Okay, you’re back? It was amazing, right?

Dylan brings an incredible thoughtfulness to all his work, and Portrait of God is no different. I love hearing the way that he conceptualizes what he does. I learned a lot from talking to him and I think you will too! Let’s dive in.

Introduce yourself! I’d love to hear about who you are and how you got your start in filmmaking.

My name is Dylan Clark and I’m a 22-year-old filmmaker from Northern Virginia. I started making films when I was nine years old while my family was living in Germany. My first short films were about superheroes and, as you can probably imagine, they were cinematic masterpieces (hardly). I loved making these projects with friends, but I never really felt satisfaction watching the finished projects. They didn’t quite live up to the bombastic spectacles in my head. Probably had something to do with the fact that our costumes were made out of duct tape and cardboard. Shortly thereafter, I started watching horror films and getting really into the genre. There’s something sort of taboo about horror films that’s exciting as a kid. I watched more and more and began to realize that some of these films were incredibly barebones productions. The Blair Witch Project, in particular, inspired me as a filmmaker and made me realize how much more I could do with so little in this genre. That’s really what lead me to the horror shorts I’m still doing today. I began to upload these short films to YouTube and enter them into local film festivals, and slowly, I grew from there. I decided that this was what I wanted to do for a career (writing and directing specifically), so I applied to film schools and found myself in upstate New York pursuing a film degree. I’m now in Los Angeles, learning more about the industry side of things and continuing to write and direct horror films.

One thing that I really loved about Portrait of God was the storytelling; it was simple and effective, and it wasn’t a story I’d seen anything like before, although, of course, religious horror is a space a lot of storytellers work in. What inspired you to tell this particular story?

Religious horror is one of my favorite subgenres. While this is the first short I’ve done that I’d fully qualify as religious horror, most of the writing I’ve done for feature-length projects has occupied that space. The idea for this project was originally based on an assessment of our resources. I knew that we had access to a room with black curtains and a projector. My goal was to figure out what the best and most frightening use of that space would be. There’s something really scary about barely being able to see someone (or something) in the dark. To make things even more frightening, what if only some people were able to see that thing? I ran with these ideas and settled on the portrait. It was only then that I realized how well religion meshed with these ideas. On such a tiny scale, with practically no budget, that’s usually how I’ve evolved ideas. They’re born out of our limitations and grow from there.

What’s your favorite horror movie and why do you love it? Did that movie influence Portrait of God or any of your other work?

It’s almost impossible for me to narrow down my favorite horror film, but one of my favorites that I think most closely influenced Portrait of God is The Blair Witch Project. Growing up in a house surrounded by woods, The Blair Witch Project naturally freaked me out to no end as a kid. On top of finding it incredibly scary, it proved to me that there was nothing holding me back from making a horror film in my backyard. I didn’t need equipment, I just needed a simple idea and the conviction to see it through. The minimalism that Blair Witch proved can be successful has shaped all of my projects including Portrait of God. It’s all about assessing your resources and finding a story that can let those things shine.

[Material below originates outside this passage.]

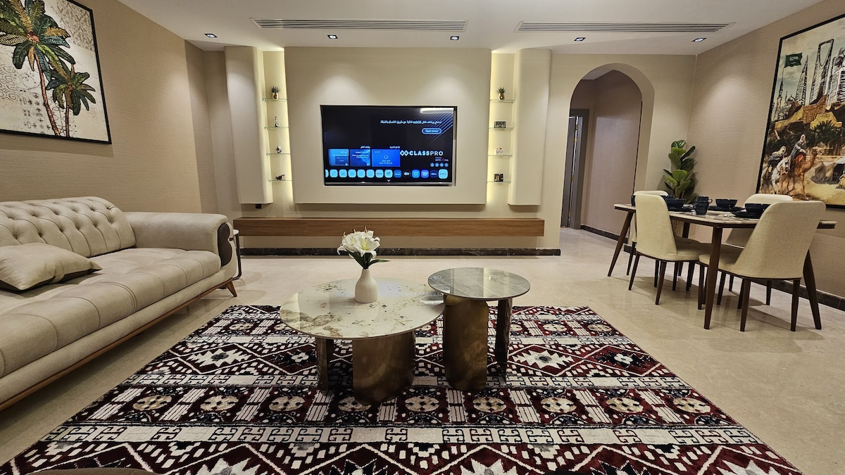 Ласкаво просимо до нашої розкішної квартири, У межах міста Пророка живіть розкіш і комфорт одночасно, де ми надали вам ідеальне поєднання сучасного комфорту, незалежно від того, чи ви тут для роботи, чи для відпочинку, наше ретельно спроектоване житло гарантує вам незабутнє перебування, оскільки воно знаходиться приблизно в 4 хвилинах їзди на машині та 18 хвилинах пішки від мечеті Пророка, а також розташоване в центрі міста та посередині головної вулиці, що полегшує гостям доступ до всіх послуг, магазинів та ресторанів.

More broadly speaking, who or what inspires you as a filmmaker? Do you have favorite horror movies or directors whose work really speaks to you?

One director that I really admire is Guillermo del Toro. The beauty of his visual style speaks for itself, but it’s the way he injects so much heart into horror that really stands out to me. Mike Flanagan is a newer face that does this quite well too. Flanagan and del Toro both make sure that the quality of their style matches the quality of their substance and that’s something that I’m really striving for. Flanagan’s Midnight Mass in particular struck me as an incredibly interesting meditation on the beauty and horror that religion can breed.

What is your process for developing an idea for a short film? All indie filmmakers work with limitations–budget, time, crew size, etc–how does this inform your process?

Limitations are the best and worst parts of indie filmmaking. At times (often), these limitations feel nothing but constricting. It feels like there’s always some unforeseen problem hurdling toward you. On the other hand, if you assess your limitations and turn them into strengths, your best ideas are likely to spring forward. I’ll usually start developing an idea by writing down all the locations I have available to me. From there, I’ll figure out what kind of stories seem appropriate for those locations. Usually, that shrinks the canvas significantly, which isn’t a bad thing. For these horror shorts, I’ll usually try to figure out what the scariest moment or idea is that pairs with these locations. For instance, in Portrait of God, the projector was fundamental in constructing the scares for that script. From there, things get a little easier because you know what you’re working with. It’s all about assessing your resources and pivoting appropriately.

When you wrote the script, what scene were you proudest of? Did that change once you saw the final product?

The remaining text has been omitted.